━━ Working data

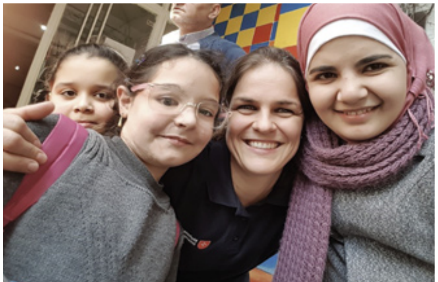
Young refugee students at the Order's school in Kilis, Turkey, integrating into the host country

As well as medical care in the rehabilitation hospital, psychologists and social workers have developed a support programme for patients and their families. Patients come from a cultural background where psychological pathologies are stigmatised, so it is challenging to encourage them to express negative feelings. Making a living in a foreign country while surviving in very crowded housing situations is sometimes more stressful than the experience of violence and harsh conditions during the flight from Syria.
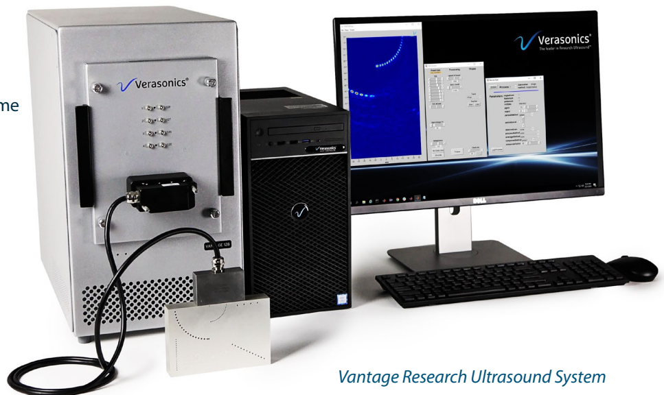
Vantage Research Ultrasound System
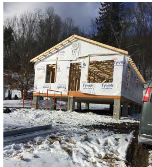
WV VOAD and its member agencies worked throughout the winter months to build this new home for flood survivors in Rainelle.

Continuing the building process over the winter was difficult, but important to help get families back into safe, secure and sanitary housing and get their lives back together as quickly as possible. It took plenty of logistical planning and cooperation between WV VOAD and its member agencies.
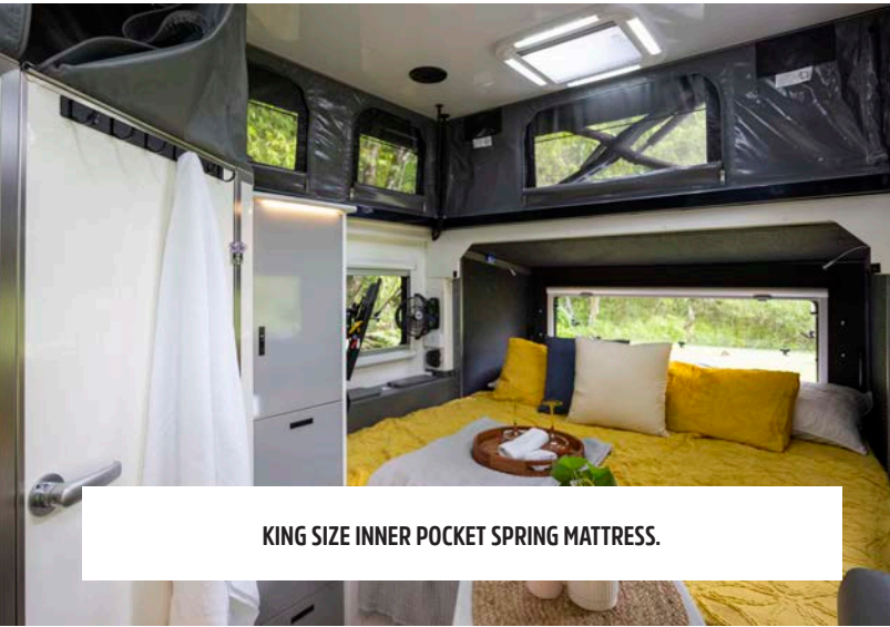
KING SIZE INNER POCKET SPRING MATTRESS.
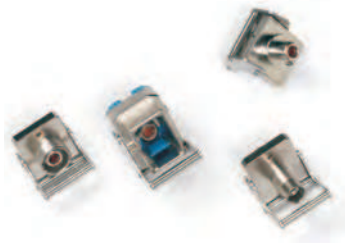
Optical adapters (BN 2150) for laser source output
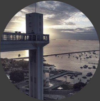
Salvador - BA
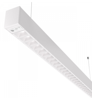
Direct/Indirect, Pod, Organic Response, White
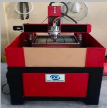
CNC Aluminium Engraving Machine
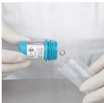
1. The lid is screwed off.
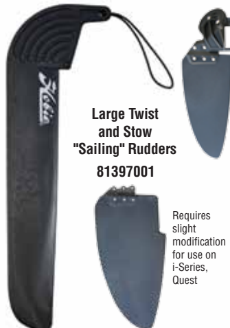
Large Twist and Stow "Sailing" Rudders 81397001

Requires slight modification for use on i-Series, Quest
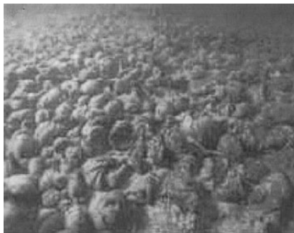
Figure 3. Crepidula fornicata overgrowing maerl in the Bay of Brest.

The slipper limpet Crepidula fornicata was accidentally introduced to France sometime between the 1940s—60s along with oysters for aquaculture. This calyptraeid gastropod has since spread along the whole Channel-Atlantic coast of France (De Montaudouin et al. , 1999). In shallow bays, it can completely smother the sediment creating beds with several thousand individuals per m 2 (Figure 3). Thouzeau et al. (2000) described Crepidula grounds as a separate biotope with its own characteristic community. Dense aggregations of C. fornicata trap suspended silt, faeces and pseudofaeces which alter the specific composition and structure of benthos (Chauvaud et al. , 2000). Live maerl thalli become covered in Crepidula and the interstices of the deposit become clogged with silt; this kills the maerl thalli and
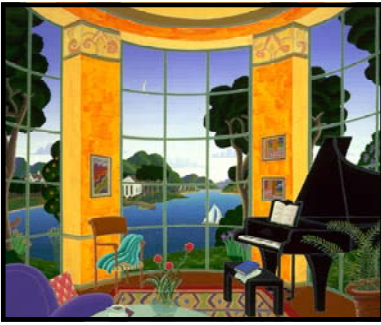
©2009 The Yellow Music Room
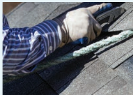
Roof Shingles & Siding

Because asbestos doesn't burn, it was used in many products to resist heat. The "miracle mineral" made these asbestos-containing materials valuable to the building industry.
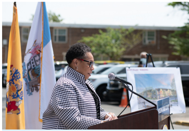
June 2021 - Secretary Fudge announced a $35 million Choice Neighborhoods Implementation Grant for the Cramer Hill neighborhood in Camden, NJ

<u>City of Newark</u> and <u>City of Jersey City</u> joined the House America initiative
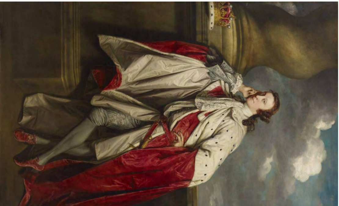
Joshua Reynolds, James Maitland, 7th Earl of Lauderdale , 1759-1761, oil on canvas, stretcher 238.6 x 144.6cm , frame 264.1 x 172.0 x 9.0cm, AGNSW
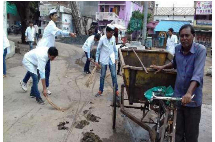
Felicitations of Hon. Chairman at LTJSS and Participation in Shramdan and Gramswachata Abhiyan
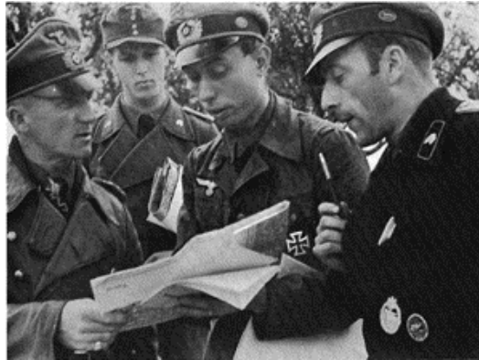
German officers planning their next move in Spain.
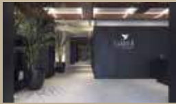
布宜諾斯艾利斯 Gardi Hotel & Suites 4* 或同級 (1 晚) ★★★★★☆
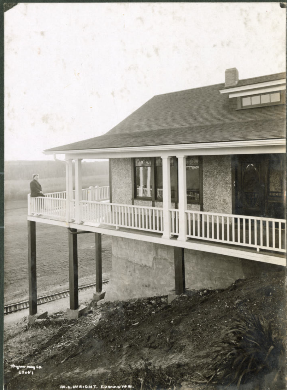
Reynolds Co. 62-071
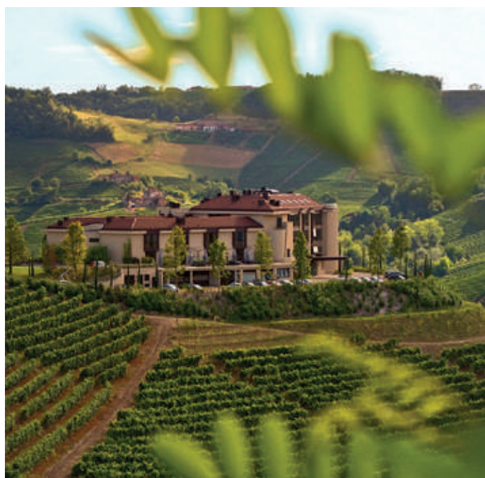
Boscareto Resort & Spa
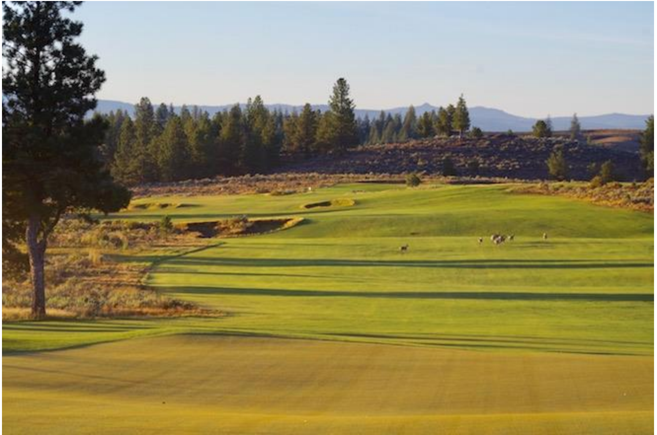
(Silvies Valley Ranch)

This brand-new resort in remote east-central Oregon has a fascinating, reversible Dan Hixson-designed golf course, and is actually offering a golf package centered around the eclipse. The “Total Eclipse of the Sun” package includes three nights’ accommodations, two rounds of golf (one in each direction the course can play), transportation to and from the path of totality (the resort is just a couple miles south of the actual path), and a resort activity, with choices including shooting, fishing, goat herding, cattle driving and others. The package starts at $1,800, based on single occupancy.
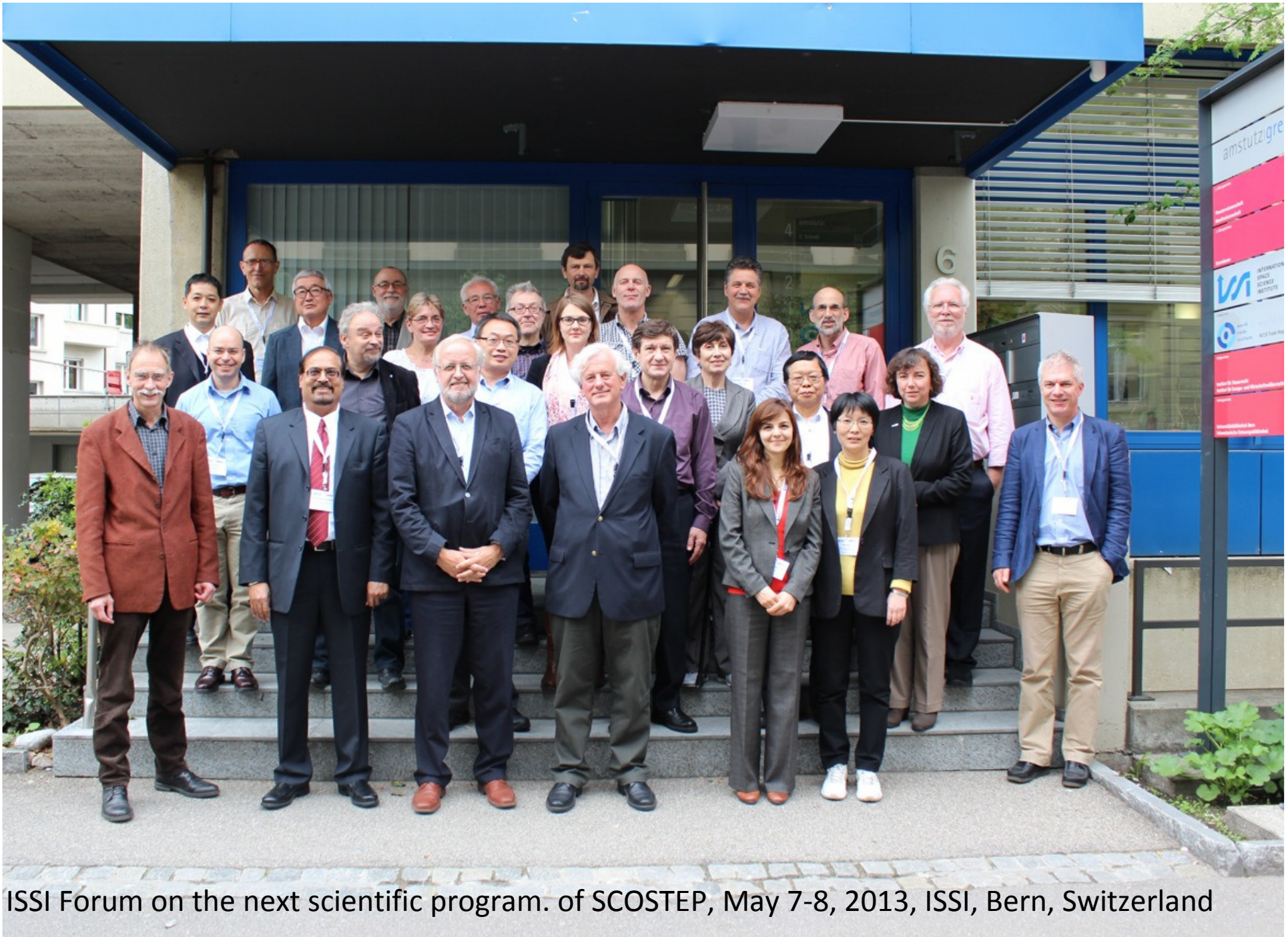
ISSI Forum on the next scientific program. of SCOSTEP, May 7-8, 2013, ISSI, Bern, Switzerland

━━━━

> Work task:
Only the pictures are to be left out; the rest of the material above should be printed verbatim.

> Solution to this exercise:
Young refugee students at the Order's school in Kilis, Turkey, integrating into the host country

As well as medical care in the rehabilitation hospital, psychologists and social workers have developed a support programme for patients and their families. Patients come from a cultural background where psychological pathologies are stigmatised, so it is challenging to encourage them to express negative feelings. Making a living in a foreign country while surviving in very crowded housing situations is sometimes more stressful than the experience of violence and harsh conditions during the flight from Syria.
Vantage Research Ultrasound System
WV VOAD and its member agencies worked throughout the winter months to build this new home for flood survivors in Rainelle.

Continuing the building process over the winter was difficult, but important to help get families back into safe, secure and sanitary housing and get their lives back together as quickly as possible. It took plenty of logistical planning and cooperation between WV VOAD and its member agencies.
KING SIZE INNER POCKET SPRING MATTRESS.
Optical adapters (BN 2150) for laser source output
Salvador - BA
Direct/Indirect, Pod, Organic Response, White
CNC Aluminium Engraving Machine
1. The lid is screwed off.
Large Twist and Stow "Sailing" Rudders 81397001

Requires slight modification for use on i-Series, Quest
Figure 3. Crepidula fornicata overgrowing maerl in the Bay of Brest.

The slipper limpet Crepidula fornicata was accidentally introduced to France sometime between the 1940s—60s along with oysters for aquaculture. This calyptraeid gastropod has since spread along the whole Channel-Atlantic coast of France (De Montaudouin et al. , 1999). In shallow bays, it can completely smother the sediment creating beds with several thousand individuals per m 2 (Figure 3). Thouzeau et al. (2000) described Crepidula grounds as a separate biotope with its own characteristic community. Dense aggregations of C. fornicata trap suspended silt, faeces and pseudofaeces which alter the specific composition and structure of benthos (Chauvaud et al. , 2000). Live maerl thalli become covered in Crepidula and the interstices of the deposit become clogged with silt; this kills the maerl thalli and
©2009 The Yellow Music Room
Roof Shingles & Siding

Because asbestos doesn't burn, it was used in many products to resist heat. The "miracle mineral" made these asbestos-containing materials valuable to the building industry.
June 2021 - Secretary Fudge announced a $35 million Choice Neighborhoods Implementation Grant for the Cramer Hill neighborhood in Camden, NJ

<u>City of Newark</u> and <u>City of Jersey City</u> joined the House America initiative
Joshua Reynolds, James Maitland, 7th Earl of Lauderdale , 1759-1761, oil on canvas, stretcher 238.6 x 144.6cm , frame 264.1 x 172.0 x 9.0cm, AGNSW
Felicitations of Hon. Chairman at LTJSS and Participation in Shramdan and Gramswachata Abhiyan
German officers planning their next move in Spain.
布宜諾斯艾利斯 Gardi Hotel & Suites 4* 或同級 (1 晚) ★★★★★☆
Reynolds Co. 62-071
Boscareto Resort & Spa
(Silvies Valley Ranch)

This brand-new resort in remote east-central Oregon has a fascinating, reversible Dan Hixson-designed golf course, and is actually offering a golf package centered around the eclipse. The “Total Eclipse of the Sun” package includes three nights’ accommodations, two rounds of golf (one in each direction the course can play), transportation to and from the path of totality (the resort is just a couple miles south of the actual path), and a resort activity, with choices including shooting, fishing, goat herding, cattle driving and others. The package starts at $1,800, based on single occupancy.
ISSI Forum on the next scientific program. of SCOSTEP, May 7-8, 2013, ISSI, Bern, Switzerland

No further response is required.